Reading the tea leaves from this morning's radio manoeuvres I wasn't holding out any hope anyway of the SNP being involved in the rainbow coalition that Labour and the Lib Dems are trying to lash together.
The SNP negotiation team - Westminster leader Angus Robertson and Stewart Hosie - have been in London since Sunday but so far the phone hasn't rung.
Douglas Alexander, Labour's campaign manager, sent them a pretty clear megaphone message in a radio interview this morning when he said the differences between Labour and the SNP are "too great" to involve the Nats in a coalition.
This is as much a signal to his own west of Scotland Labour MPs - who have a visceral hatred of the SNP - as much as to the body politic. Former Home Secretary John Reid has already said a coalition would be the self-destruct button for both parties and Tom Harris, Glasgow South, has made clear his opposition to PR.
Labour in Scotland has seen its hegemony in Scottish local authorities disappear since the Labour-Lib Dem coalition in the Scottish parliament introduced PR. There are Lib Dem and SNP cooncillors putting scooters on the lawns of Labour MPs all across Scotland and they don't like it. Two reasons there not to like coalitions or PR in elections, say Scottish Labour MPs.
Angus Robertson's smile was as wide as the Moray Firth yesterday when news of Labour-Lib Dem coalition talks came through, but the SNP "negotiator" might have just been happy because of the demise of Gordon Brown.
But while Brown has played a very clever post-election strategy to keep Labour in the game Alex Salmond booted the SNP off the park in the opening minutes.

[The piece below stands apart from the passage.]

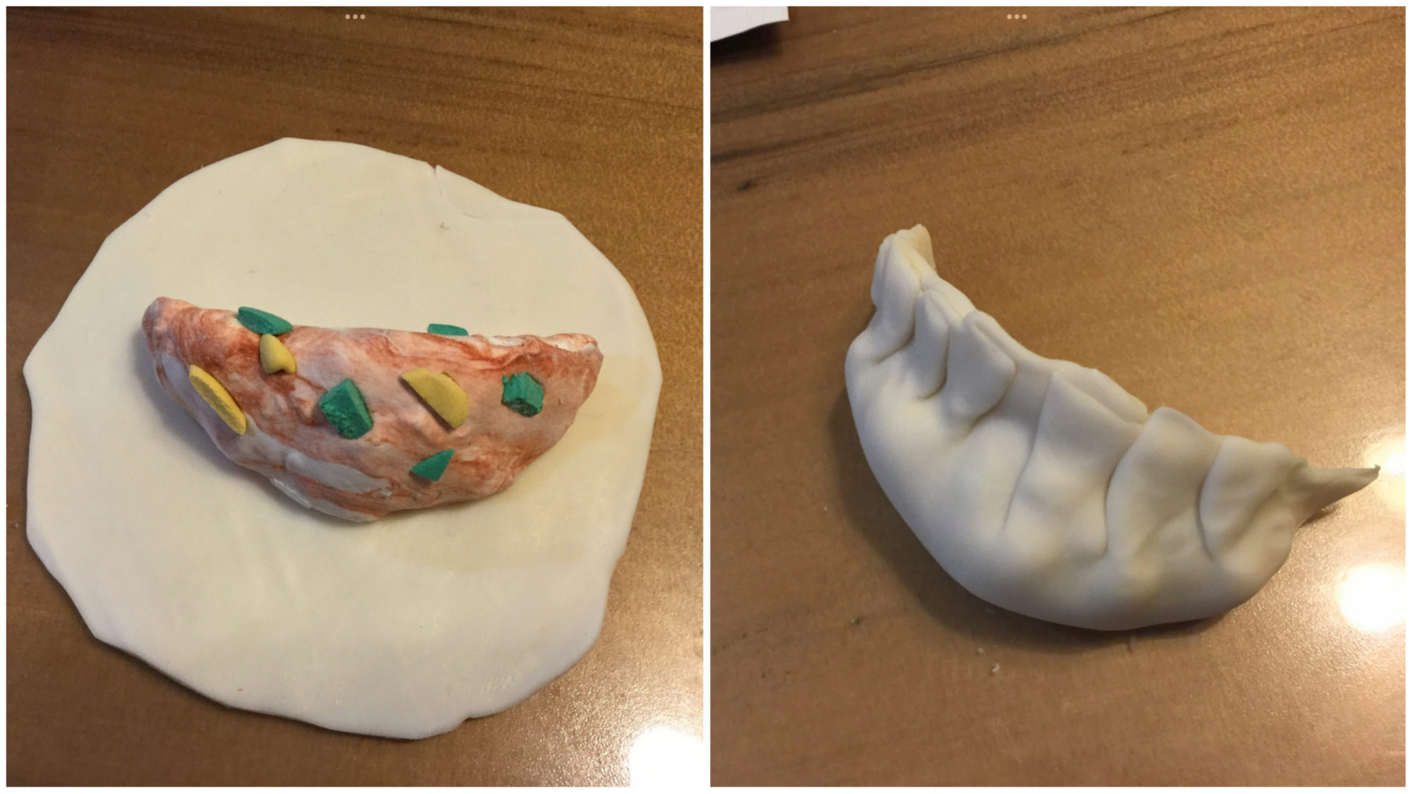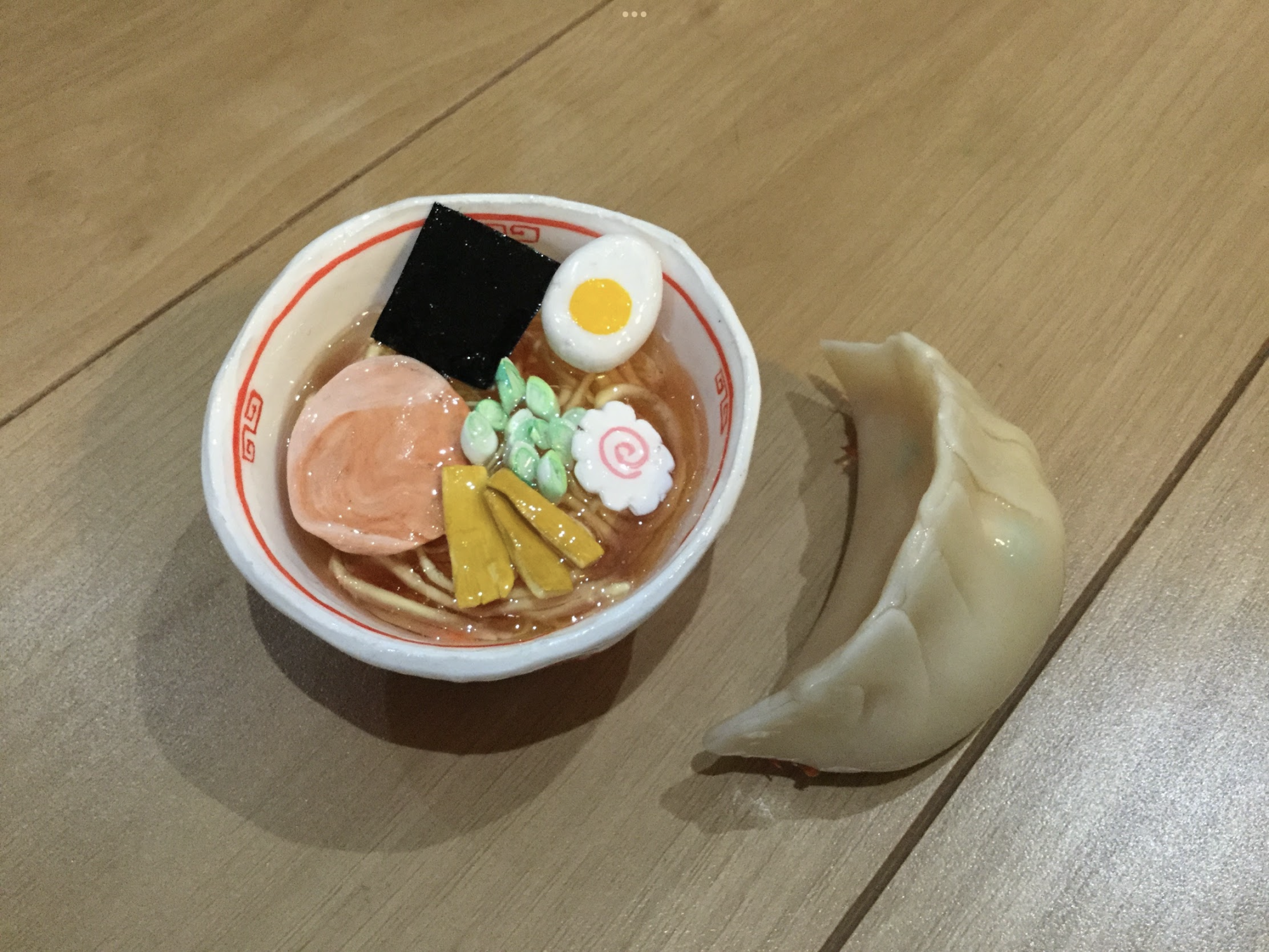 餃子は中身を透けさせたかったので樹脂粘土です(半透明)

He blundered by pushing himself forwards as the linchpin of a progressive alliance. In doing so he completely ruled out that the SNP would support the Tories. As Labour see it he has effectively boxed his party into a position where they cannot vote against a Labour-Lib coalition, if that is what comes out of today's talks.
As Paddy Ashdown said on radio this morning, a Labour-Lib Dem minority coalition will simply dare the smaller parties to vote down the government. The last time the SNP did that, in 1979, they had 11 MPs. They returned to Westminster after the election with just two.

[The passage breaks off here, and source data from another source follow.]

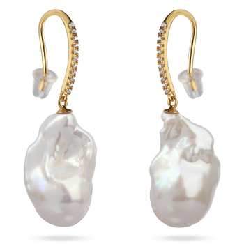 Серьги Барокко (жемчуг белый 27мм, фианит; покрытие золото), Есть комплект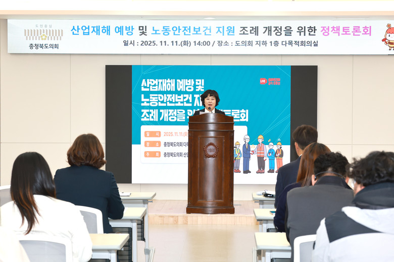 [충북 세계타임즈=이현진 기자] 충북도의회 산업경제위원회(위원장 김꽃임)는 11일 의회 다목적 회의실에서 ‘충청북도 산업재해 예방 및 노동안전보건 지원 조례’ 개정 방향을 모색하기 위한 정책토론회를 개최했다.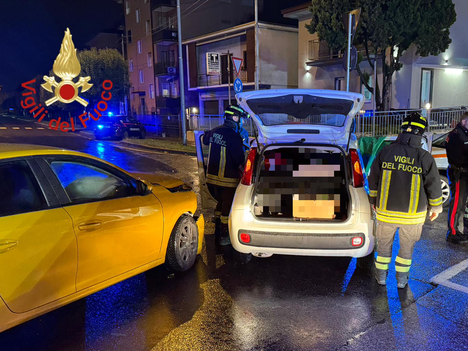 Intervento dei vigili del fuoco questa sera a Luisago in via Risorgimento, angolo via Roma, per uno schianto tra due auto. Una persona ferita è rimasta incastrata tra le lamiere. Trasportata in codice giallo in ospedale dal 118. Dinamica da chiarire.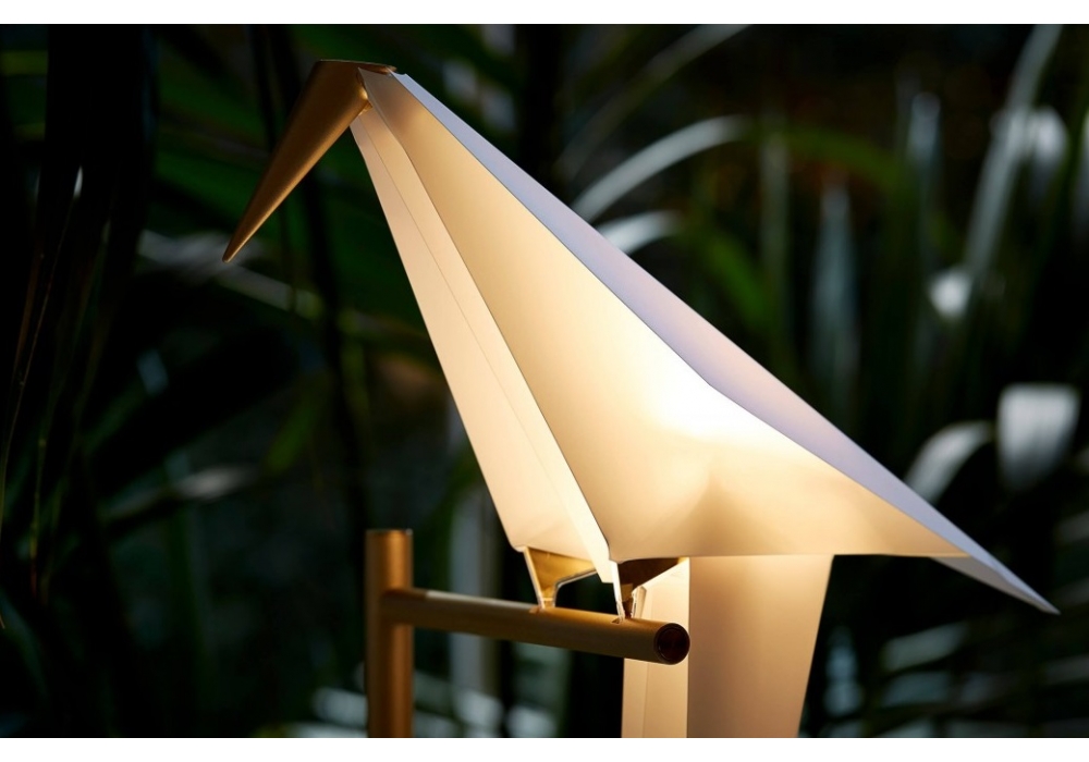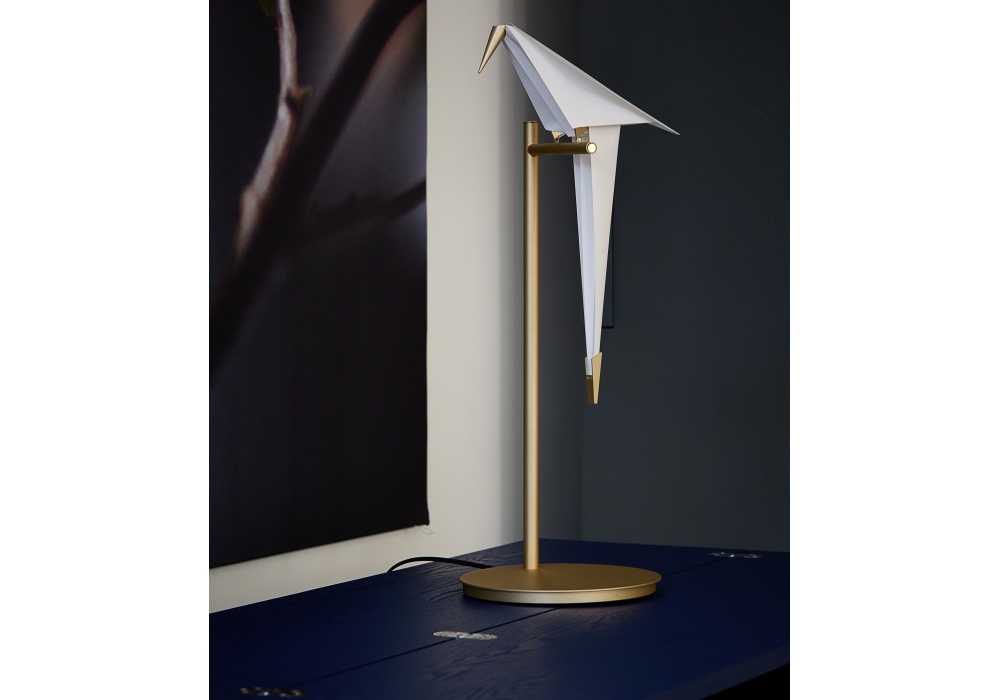 Perch Light firmata da Umut Yamac per Moooi è una lampada da tavolo a LED con struttura in acciaio e alluminio con diffusore in policarbonato e carta sintetica.

"If they want to be part of a progressive alliance, that's great but they will not be part of a formal coalition," says the Labour source. "If they had 20 seats they might be players, but they have less than the DUP."

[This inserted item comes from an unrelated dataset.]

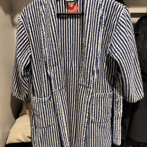 Peuhu hupullinen kylpytakki pehmeää kangasta. Täysin ehjä. Kissatalous.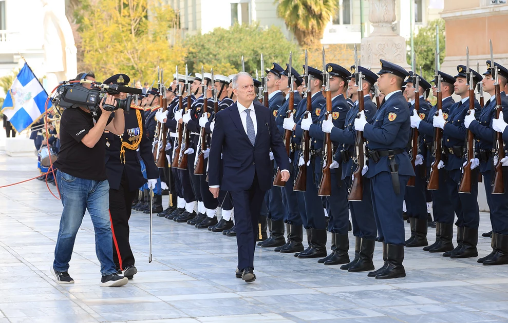 Τον νέο Πρόεδρο της Δημοκρατίας υποδέχτηκε στο Μέγαρο της Βουλής, στην είσοδο του Άγνωστου Στρατιώτη, ο πρωθυπουργός Κυριάκος Μητσοτάκης και ο πρόεδρος της Βουλής των Ελλήνων, Νικήτας Κακλαμάνης. Στο μνημείο, παρατάχθηκαν αγήματα των Ενόπλων Δυνάμεων προς επιθεώρηση από τον Πρόεδρο της Δημοκρατίας.

There is not even the mood in Labour to offer the SNP any kind of face-saving gesture, like the release of the £250m fossil fuel fund from the Treasury without a proportional reduction in the block grant.
There is even a hint from Peter Hain, the Welsh Secretary, that Plaid Cymru can be brought aboard the coalition, so splitting the Celtic alliance. Tomos Livingstone, over a 07.25 to Paddington, will be better informed no doubt, but Hain did nurse the coalition deal between Plaid and Labour in the Welsh Assembly.